Такой красивый инстинктивный и скромный жест.
Да, точно. Я никогда этого не забуду. Когда становится трудно, я часто возвращаюсь к тому ощущению, которое она мне подарила. Люди замечательны. Тонкие, чуткие создания.
Помогло ли сочинение песен справиться с горем и утратой?
Это пришло намного позже. До тех пор, думаю, тур с альбомом «Skeleton Tree» стал своего рода формой общественной реабилитации. И тур «In Conversation»[8] тоже был чрезвычайно полезным. Я учился говорить о своем горе.
Когда я услышал о «In Conversation», я не понимал, что из этого получится. Сам тот факт, что ты позволяешь людям задавать любые вопросы, сколь угодно проходные или глубокие, казался рискованным. Это было похоже на ходьбу по натянутому канату?
О да! Оглядываясь назад, могу сказать, это было довольно странное время для чего-то подобного, потому что я был очень ослаблен обстоятельствами, в которых оказался. Решение было глубоко интуитивное – просто взяться за это, что бы ни случилось. Нужно понимать, что во всем этом был элемент безумия. Я жил в «невиданном царстве». Честно говоря, я не имел ни малейшего понятия, что делаю. Я учился в процессе.
То есть ты оказывался в «невиданном царстве» всякий раз, когда выходил на сцену, чтобы отвечать на вопросы?
Именно так, и даже перед тем, как выйти на сцену. Вот когда я чувствовал, что Артур действительно рядом. Мы сидели за кулисами, разговаривали, и, когда выходил на сцену, я чувствовал мощное, ободряющее присутствие и огромную силу – его руку в моей. Как с той женщиной, протянувшей мне руку в кафе, – будто ее рука неким образом стала и его рукой. Я чувствовал, что своим желанием возвращаю его к жизни. Это было удивительно.
Я понятия не имел, что это было так ярко и преображающе.
Да, так и было. Я делал это каждый вечер и в процессе обрел своего рода несокрушимость через острую уязвимость. Я не упивался этой ситуацией, не эксплуатировал ее. Я довольно буднично говорил о состоянии, в котором оказался. Я пытался помочь людям и получал помощь взамен.
Да, это было видно. В этих встречах «In Conversation» определенно было что-то мощное для каждого.
Да, прием был очень теплым. Часто люди очень трогательно раскрывались. Как будто оказались в зале именно для этого. И я обрел силы и уверенность в том, что могу взять и сделать это рискованное дело, – и какая разница, сработает это или нет? Я знал, что это будет рискованно, потому что я разрешил людям задавать вопросы о чем угодно, но подумал: «Да какая разница, что будет?» Это был большой сдвиг в моем мышлении – перестать беспокоиться о результате творческих решений, пусть фишка ляжет как угодно. Эта идея отражается во всем, что я делаю с тех пор.

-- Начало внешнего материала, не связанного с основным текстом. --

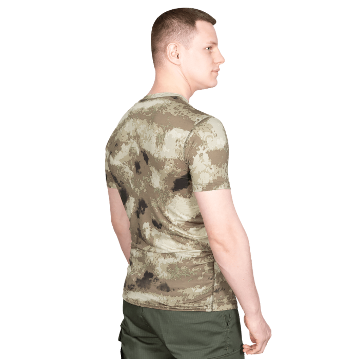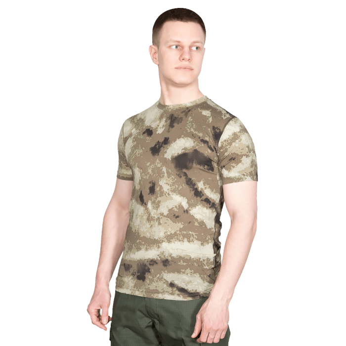 Дихаюча, еластична футболка, яка щільно прилягає, має плоскі шви та майже не відчувається на тілі. Розрахована для охоронних та воєнізованих структур в теплу, спекотну погоду. Футболка також використовується як перший, базовий шар в системі пошарового одягання.  Футболка вироблена з гіпоалергенної тканини CoolTouch, це високотехнологічне, поліестерове волокно, яке завдяки своїй спеціальній структурі ефективно відводить вологу з поверхні шкіри й випаровує її зовні, захищаючи організм від перегріву і залишаючи шкіру сухою. Матеріал створює капілярно-ґнотовий ефект шляхом розподілу вологи по тканині й збільшенням площі для більш ефективного випаровування. Тканина має високі дихаючі, еластичні властивості, а також швидко сохне. Футболка зшита еластичною ниткою за технологією плоских швів, не сковує рухів, не натирає при тривалій експлуатації. Має сучасний ергономічний дизайн, щільно прилягає та майже не відчувається на тілі.  Тканина: CoolTouch  Склад: 100% Поліестер Температурний режим: від 18°C до 30°C
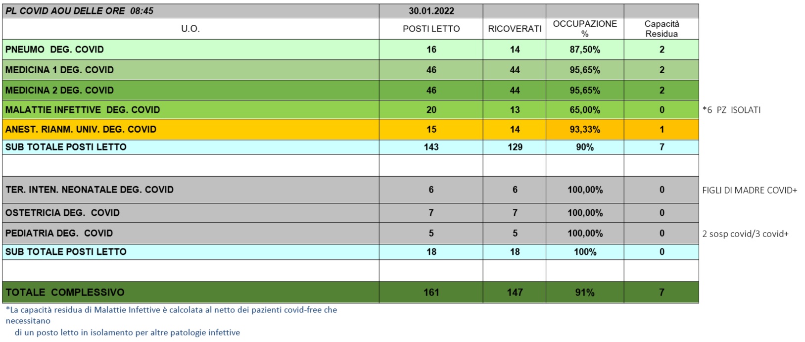 Situazione posti letto reparti Covid 30 Gennaio 2022 - ore 8.45.jpg
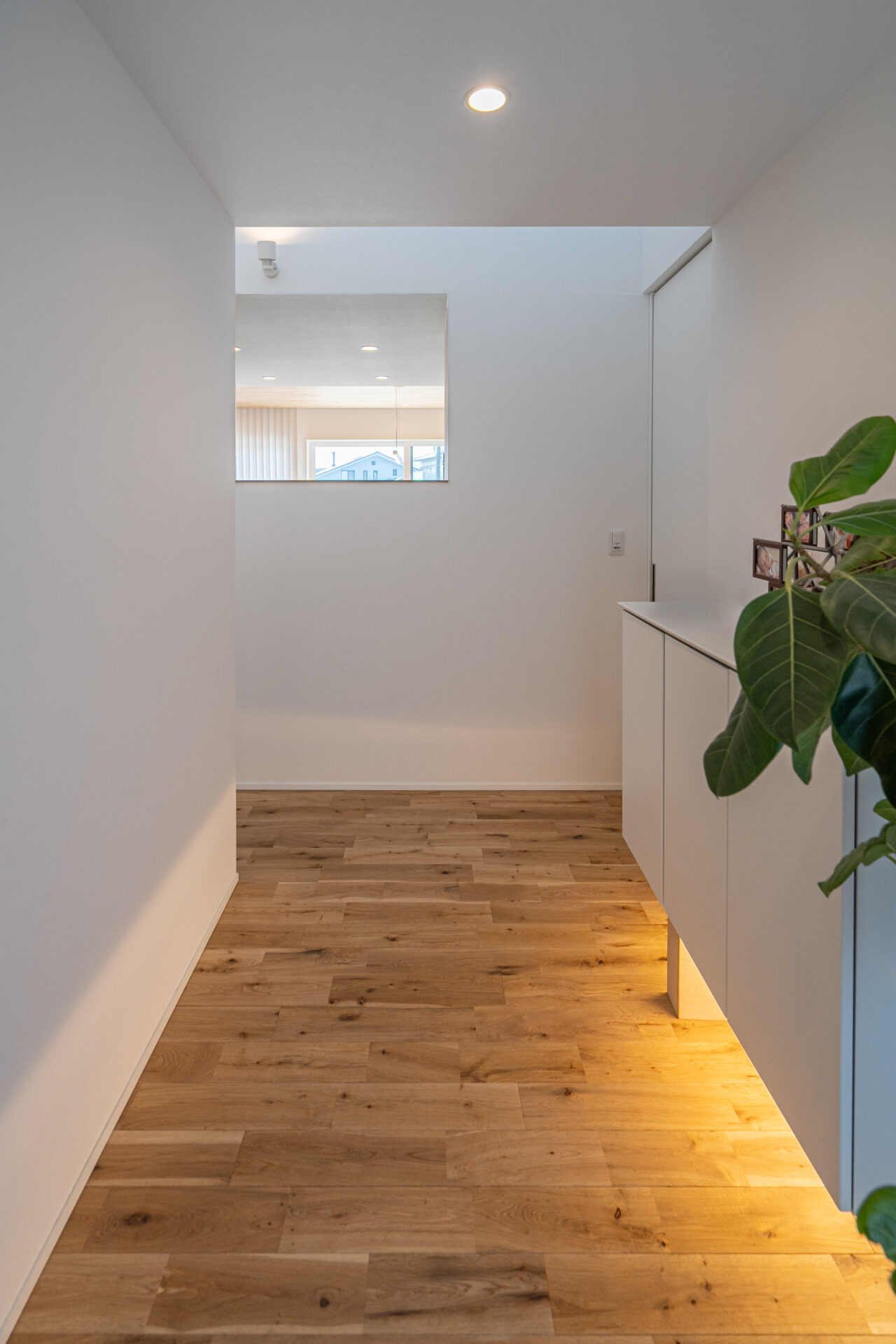 玄関ホールは高天井で、訪れた瞬間に空間の広がりを感じられる設計。
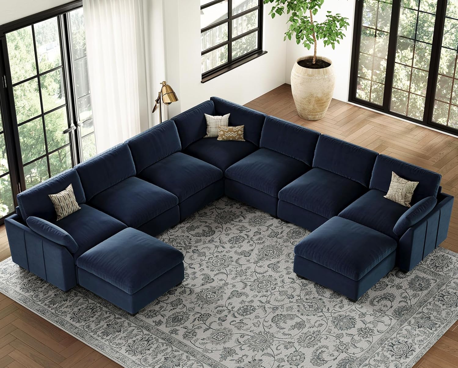 Belffin Oversized Sectional Couch with Movable Ottoman,Modern 137.8" 9-Seater Modular Sectional Sofa,Convertible Velvet U Shaped Sectional Couches for Living Room,Blue
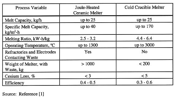 Table I compares process variables for RADON's Joule-heated ceramic melters and cold crucible melters. Note that the melt capacity for the cold crucible system, 25 kg/h, represents a single crucible. For a system with four units, waste throughputs of 100 kg/h could be achieved. As seen in Table I, the compact crucible delivers a much greater melt capacity per unit surface area of the melter.
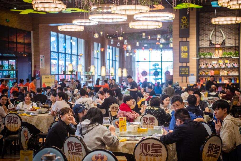 10月3日,在湖北潛江的一家飯店,游客前來(lái)品嘗小龍蝦。新華社記者伍志尊 攝
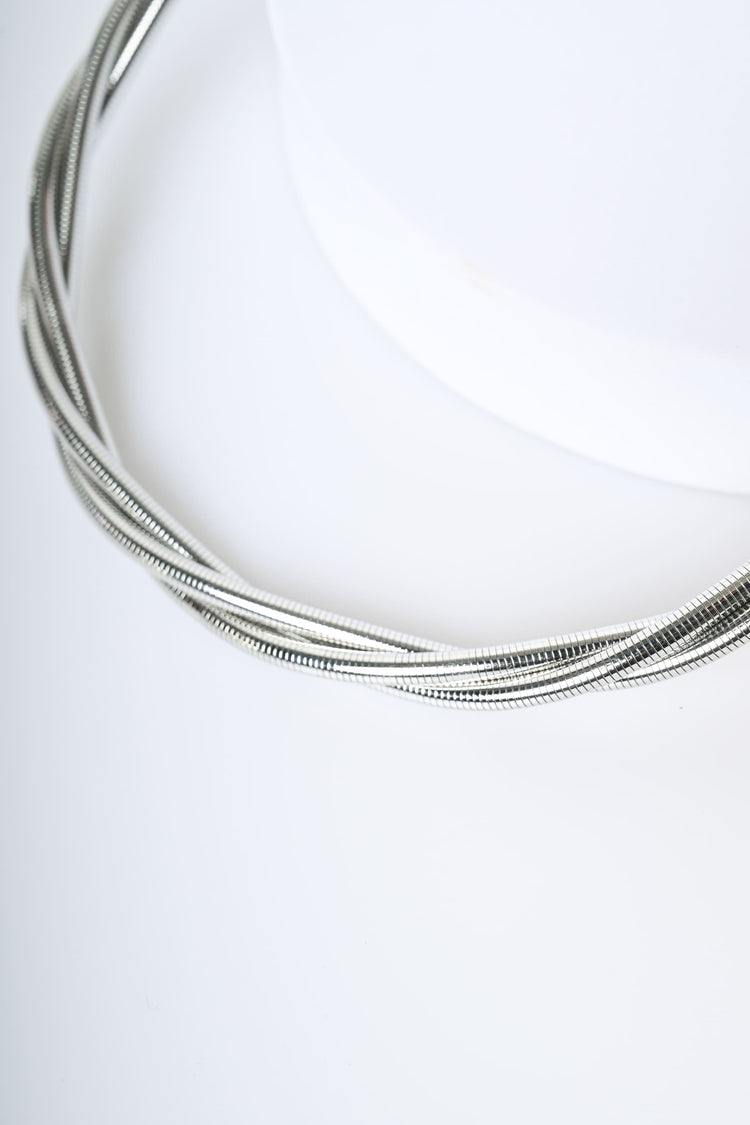 Collana a tre fili attorcigliati in metallo argentato con chiusura regolabile tramite gancetto sul retro.
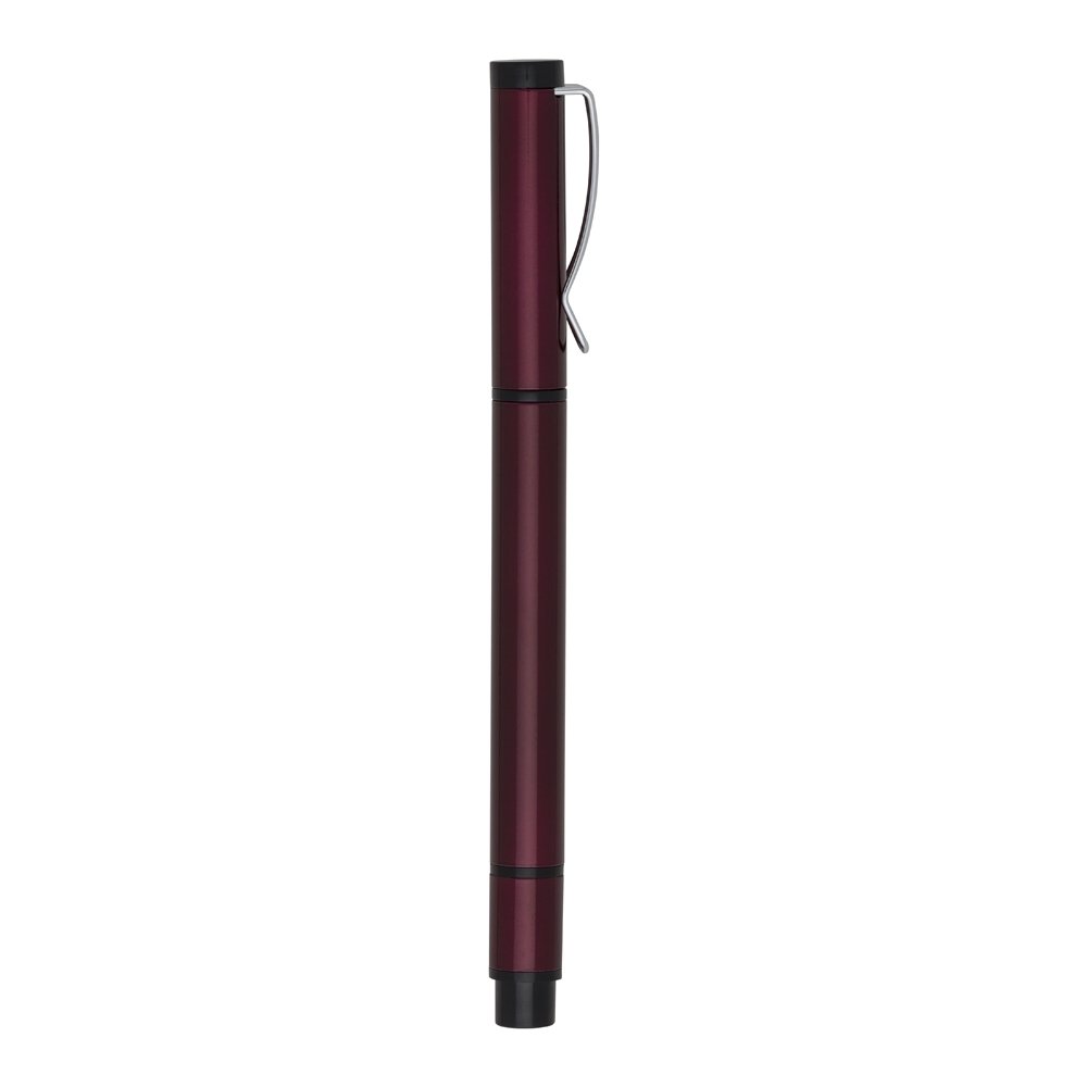 Caneta metálica com marca texto e carga esferográfica azul, ambas com tampas protetoras.

Значит, речь шла о том, чтобы стать не только открытым и уязвимым, но даже дерзким перед лицом утраты?
Да, и это сильная позиция, потому что меня невозможно было застать врасплох, я был готов ко всему. Оглядываясь назад, могу сказать, что постоянное проговаривание собственного горя и выслушивание чужих историй исцеляет, потому что те, кто скорбит, – знают. Именно они рассказывают историю. Они уходили во тьму и возвратились, обретя мудрость. Они знают что-то, что должны узнать другие скорбящие. И что самое удивительное, все мы приходим туда в нужное время.
Была ли запись «Ghosteen» еще одним способом проникнуть глубже в ту реальность, где находится Артур?
Да, я так считаю. Работа над «Ghosteen» началась гораздо позже, и она была интенсивной настолько, насколько это вообще может быть. Но еще и отчаянно прекрасной, понимаешь? Она была жизнетворной в самом сокровенном смысле. И даже более того.
В «Ghosteen» есть своего рода святость, которая обращается к отсутствию моего сына и вдыхает жизнь в пустоту. Те дни в Малибу, когда я писал этот альбом, не были похожи ни на что ни до ни после из-за их дикой энергии. Я не могу говорить за Уоррена, но уверен, что он сказал бы примерно то же.
Было ли трудно работать над этим альбомом?
Нет, не трудно, мы были просто одержимы. Это было нечто необыкновенное, особенно сессии в Малибу, когда мы буквально жили в студии. Мы ночевали в доме неподалеку. Сама студия представляла собой одну комнату со звукорежиссерским пультом. Мы мало спали и работали до упаду, не покидая территорию. И так день за днем.